(April 11, 2019 at 2:13 pm)Jehanne Wrote:(April 11, 2019 at 11:24 am)polymath257 Wrote: Hmmm....there can be no actual proof of the existence of an infinite set because the collection of hereditarily finite sets is a perfectly good model of set theory without the axiom of infinity. That shows the internal consistency of the axioms. Again, in the finitist system, the *collection* of rational numbers isn't something that can be constructed. All that can be done is saying whether particular constructs are rational numbers or not.
The point is that finitistic math has very strict rules for set formation and those rules do NOT allow talking about any infinite sets.
Now, this is not to say that allowing infinite sets isn't better in many ways. It gives wonderful insights into a large variety of phenomena. It makes many arguments much easier and produces results that finitistic reasoning cannot, even results concerning finite sets.

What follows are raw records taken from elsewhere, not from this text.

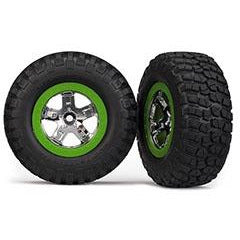 Tires & wheels, assembled, glued (SCT, chrome, green beadlock wheel, BFGoodrich® Mud-Terrain T/A® KM2 tire, foam inserts) (2) (4WD front/rear, 2WD rear only)
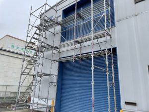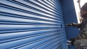 先日、たつの市内工場入口電動シャッターの塗装、塗替え、防水工事を施工させていただきました。
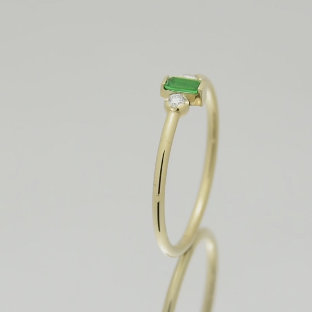 This dainty gold ring exudes elegance with its stunning design. At its center, a captivating square emerald commands attention, radiating a rich, vibrant green hue. Flanking the emerald on each side are sparkling diamonds, adding a touch of brilliance and enhancing the ring's luxurious appeal.
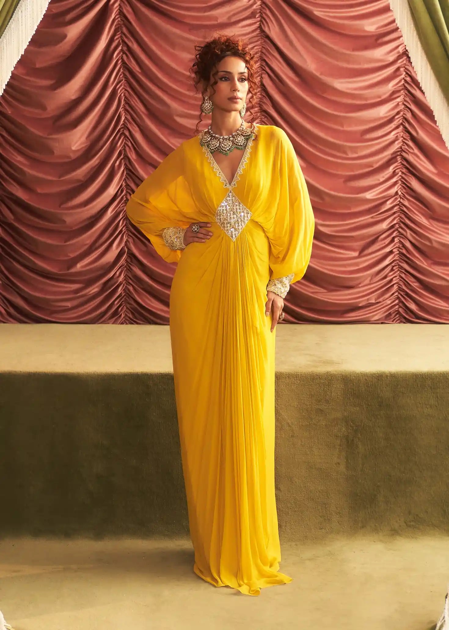Step into the spotlight with our yellow embellished draped full-length dress, a stunning blend of elegance and contemporary style. This eye-catching dress features intricate embellishments that catch the light beautifully, adding a touch of glamour to your look. The draped design gracefully flows, creating a flattering silhouette that complements all body types while ensuring comfort and ease of movement. Perfect for evening events, weddings, or special occasions, this dress embodies sophistication and charm, making you the center of attention wherever you go. Embrace your unique style and shine in this exquisite ensemble!
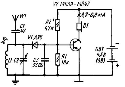 Эта схема вообще работать не должна. К диоду приложено запирающее напряжение, равное смещению на базе транзистора. Диод всегда закрыт, и нифига детектировать не должен... |

Here's a proof by John Hopcroft, Jeffrey Ullman and Rajeev Motwani in their Introduction to Automata Theory, Languages, and Computation Edition 3 textbook, page 9:
Sorry, but it doesn't prove what you claimed. This proposition says that if S is finite and U is infinite, then T=U-S,
the complement of S in U, is infinite.
This does NOT prove the existence of an infinite set. It shows that *if* there is an inifnite set U, then there are other
infinite sets (U-S where S is finite).
Now, show how to get that set U from finitist principles.